| Exercise data |
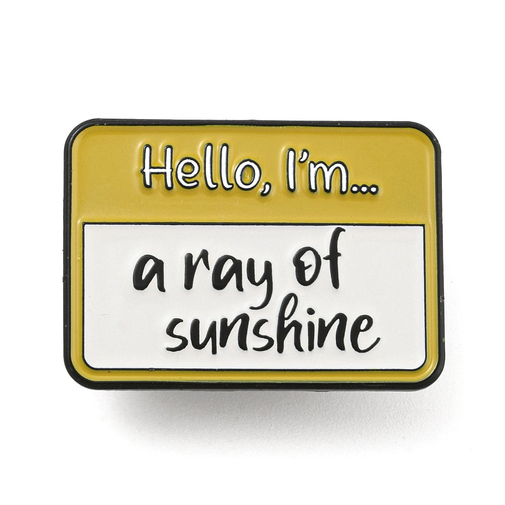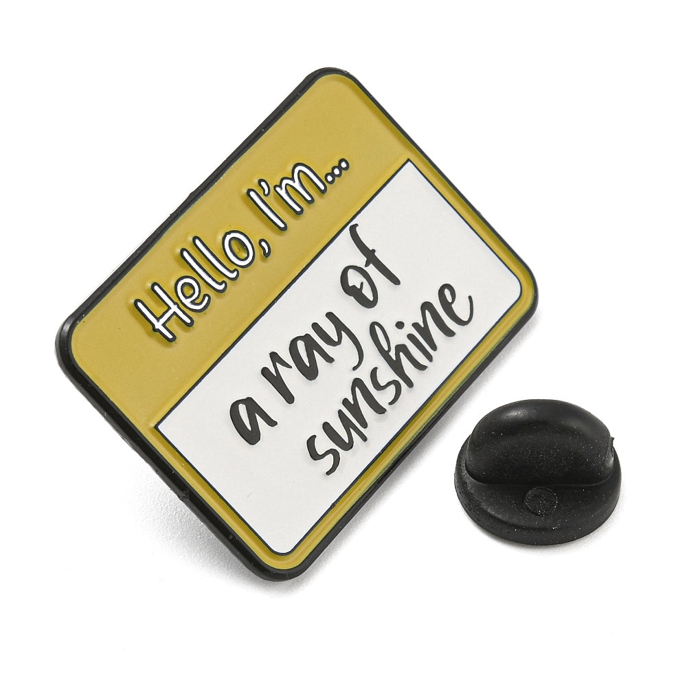 Μεταλλική καρφίτσα με σμάλτο κίτρινο ταμπελάκι "a ray of sunshine".
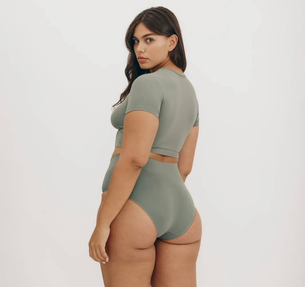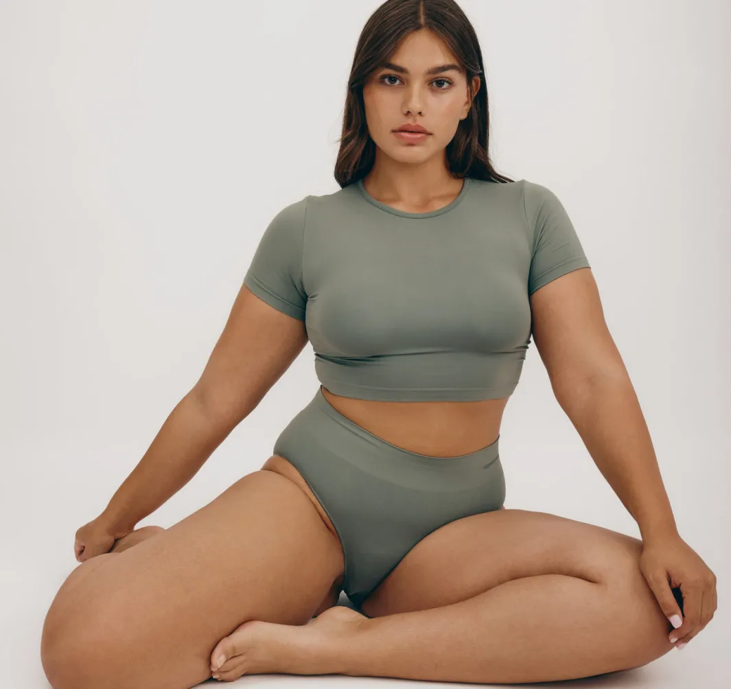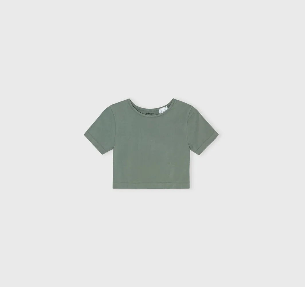 Sleek and seamless, this super-cropped tee has a soft and comfortable fit to take you from lounging and beyond. Made with a scoop neckline in a smooth recycled material.
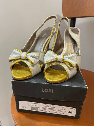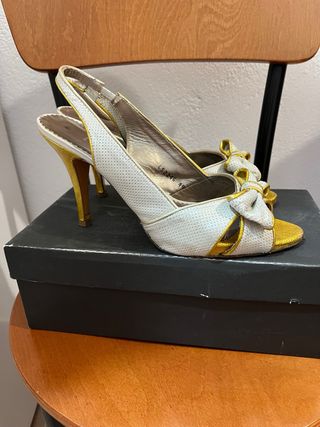 Zapatos de tacón dorados y blancos
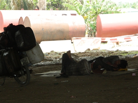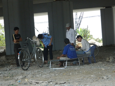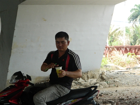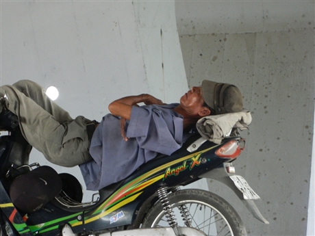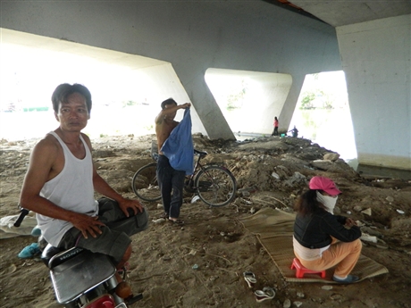 Nắng nóng làm nhiều người đi đường phải chui xuống gầm cầu Rạch Chiếc để tránh. Nhiều người tranh thủ nghỉ trưa. Chùm ảnh PV ghi nhận dưới gầm cầu Rạch Chiếc (nối quận 2 và quận 9, TPHCM).
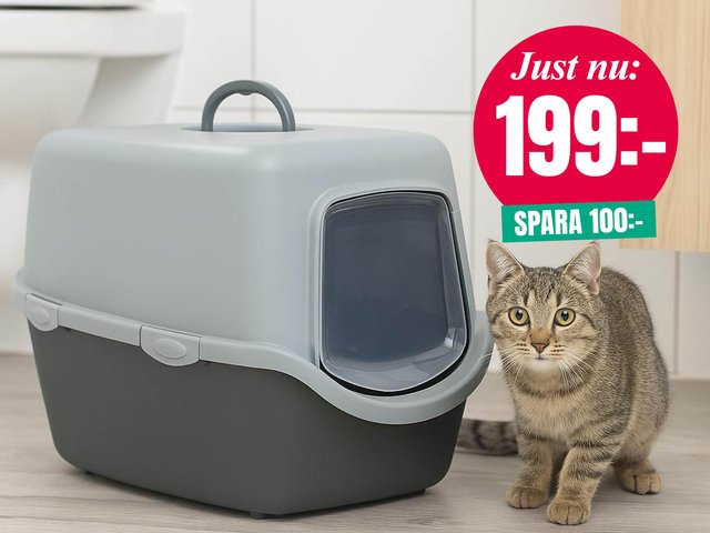 Rymlig kattlÄda tillverkad i EU av 50% Ätervunnen plast. Huv och höga kanter hjÀlper till att förhindra att kattströ smiter ut pÄ golvet och lucka som hÄller lukt borta. Praktiska snabbspÀnnen gör den enkel att öppna och rengöra.
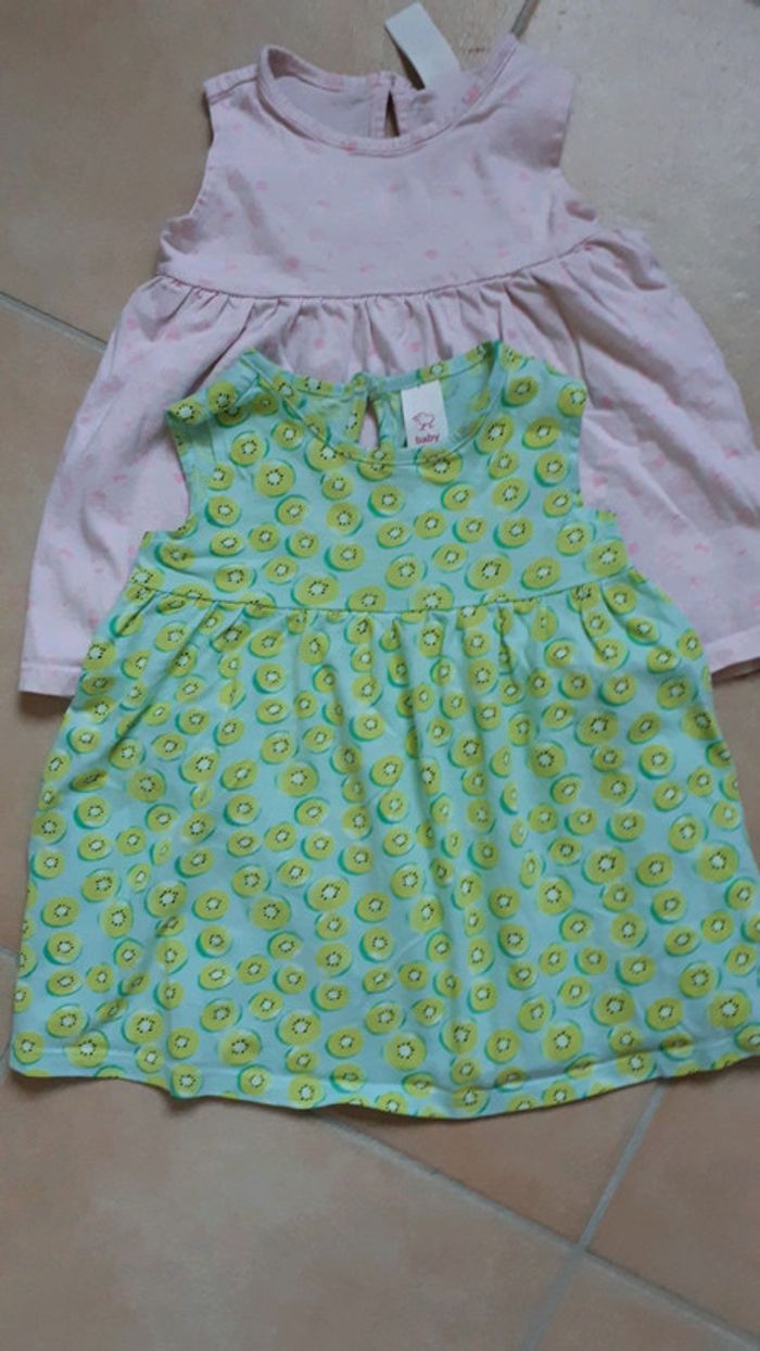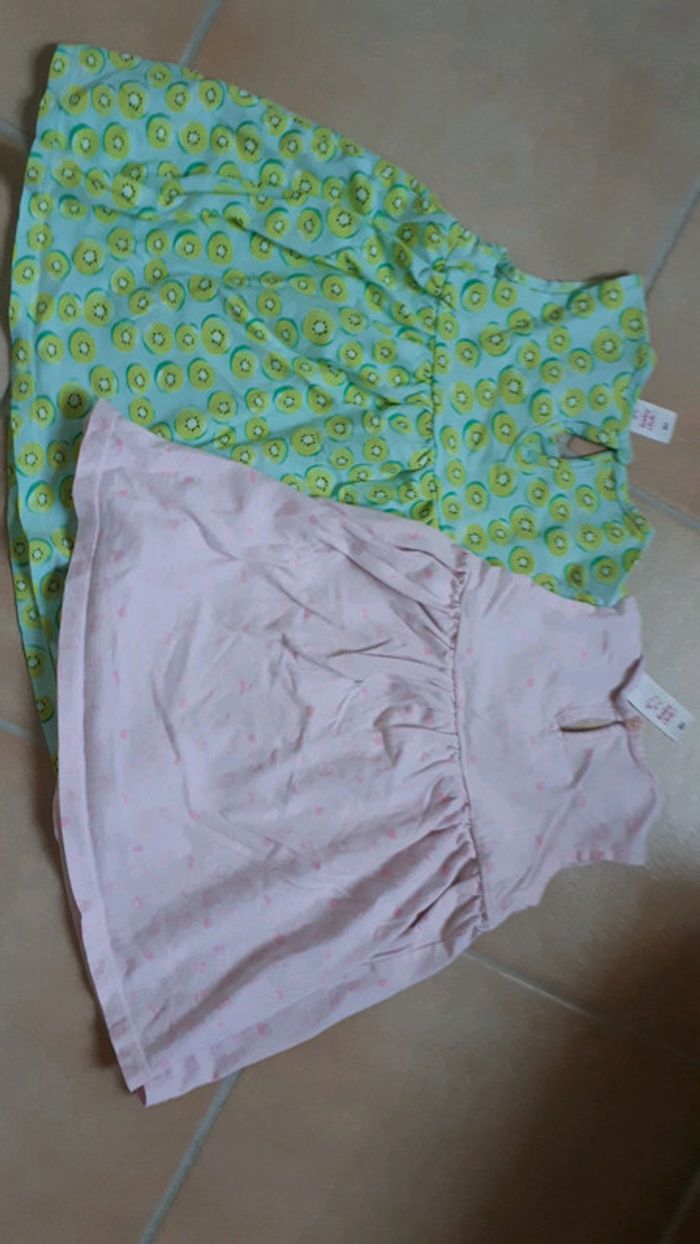 La petite robe verte motif kiwis et la rose motif glaces Très légères idéales pour l'été Taille 80cm #cessforeverneufmois #robe9mois #robelegere9mois #robefine9mois

| What you need to do |
Would you please give the material above again, unchanged but without pictures?

| Response area |
 Μεταλλική καρφίτσα με σμάλτο κίτρινο ταμπελάκι "a ray of sunshine".
 Sleek and seamless, this super-cropped tee has a soft and comfortable fit to take you from lounging and beyond. Made with a scoop neckline in a smooth recycled material.
 Zapatos de tacón dorados y blancos
 Nắng nóng làm nhiều người đi đường phải chui xuống gầm cầu Rạch Chiếc để tránh. Nhiều người tranh thủ nghỉ trưa. Chùm ảnh PV ghi nhận dưới gầm cầu Rạch Chiếc (nối quận 2 và quận 9, TPHCM).
 Rymlig kattlÄda tillverkad i EU av 50% Ätervunnen plast. Huv och höga kanter hjÀlper till att förhindra att kattströ smiter ut pÄ golvet och lucka som hÄller lukt borta. Praktiska snabbspÀnnen gör den enkel att öppna och rengöra.
 La petite robe verte motif kiwis et la rose motif glaces Très légères idéales pour l'été Taille 80cm #cessforeverneufmois #robe9mois #robelegere9mois #robefine9mois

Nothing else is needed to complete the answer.